Дмитрий, не думавший ни о чем таком, тут только понимает, что отменить тысяцкого на Москве — зело не просто и потребует сугубых трудов и что вновь и опять без Алексиевой заступы и обороны ему с этим делом не совладать. Он благодарно, но и ревниво взирает исподлобья на Алексия, ведь и съезд князей, долженствующий подтвердить непререкаемую власть великого князя московского, организовал именно он, Алексий, для того и объезжал епархии.

— Мыслю, разумно будет объявить об отмене тысяцкого после того, как собранные князья принесут присягу быти всем заедино и не изменять впредь престолу и воле великого князя московского! Иван много старался о том, дабы помочь мне совокупить нынешнее единство володетелей, и не надобно его огорчать излиха отменою власти именно теперь!
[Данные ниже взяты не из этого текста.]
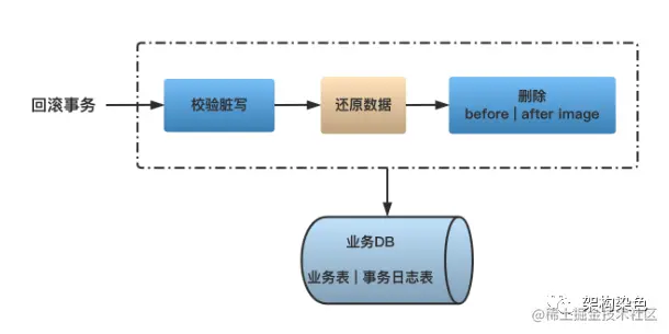 二阶段如果是回滚的话,Seata 就需要回滚一阶段已经执行的“业务 SQL”,还原业务数据。回滚方式便是用“before image”还原业务数据;但在还原前要首先要校验脏写,对比“数据库当前业务数据”和 “after image”,如果两份数据完全一致就说明没有脏写,可以还原业务数据,如果不一致就说明有脏写,出现脏写就需要转人工处理。

Дмитрий молча кивает. Он уже понимает многое, но еще не научился ждать и терпеть. Ему бы хотелось решенное решить сразу. Но он слушается своего владыки, и в этом его днешнем послушании — спасение страны.

ГЛАВА 70

Все эти люди умерли. От большинства из них даже не осталось могил. Ражие посадские молодцы; румяные, кровь с молоком, девки — состарились и сгинули тоже. Много раз сгорали и возникали вновь хоромы. Исчезали деревни. Несколько закрытых храмов, да Синий камень, переживший века, да смутные предания о том, что в овраге у Клещина, на пути в Княжово-село, «водит», озорует древняя, еще дохристианская нечистая сила, — вот и все, оставшееся доднесь от тех, почти утонувших во мгле забвения, времен. Не зайдешь, не выспросишь!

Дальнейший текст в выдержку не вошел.